Inflation with a constant rate of roll

TL;DR

This paper explores a class of inflationary models where the inflaton's rate of roll remains constant, deriving exact potentials and analyzing perturbation behavior, with implications for observational viability of certain inflation scenarios.

Contribution

It provides a general exact solution for constant-roll inflation potentials and analyzes the stability and perturbation growth in these models.

Findings

Exact solutions for constant-roll inflaton potentials.

Growth of curvature perturbations in non-slow evolution scenarios.

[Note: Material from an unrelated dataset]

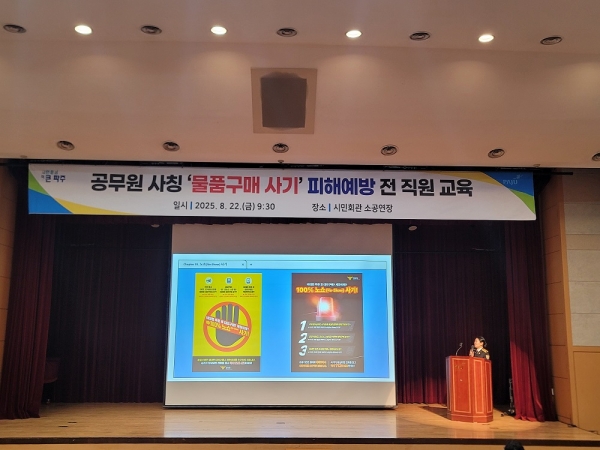 [금요저널] 파주시는 최근 전국적으로 확산되고 있는 ‘공무원 사칭 물품구매 사기’로부터 피해를 예방하고 직원들의 대응 역량을 강화하기 위해 지난 22일 시민회관 소공연장에서 전 직원을 대상으로 예방 교육을 실시했다고 밝혔다.

Viability of quadratic hilltop and natural inflation models with observations.

Abstract

We consider an inflationary scenario where the rate of inflaton roll defined by $\ddot\phi/H\dot \phi$ remains constant. The rate of roll is small for slow-roll inflation, while a generic rate of roll leads to the interesting case of `constant-roll' inflation. We find a general exact solution for the inflaton potential required for such inflaton behaviour. In this model, due to non-slow evolution of background, the would-be decaying mode of linear scalar (curvature) perturbations may not be neglected. It can even grow for some values of the model parameter, while the other mode always remains constant. However, this always occurs for unstable solutions which are not attractors for the given potential. The most interesting particular cases of constant-roll inflation remaining viable with the most recent observational data are quadratic hilltop inflation (with cutoff) and natural inflation (with an additional negative cosmological constant). In these cases even-order slow-roll parameters approach non-negligible constants while the odd ones are asymptotically vanishing in the quasi-de Sitter regime.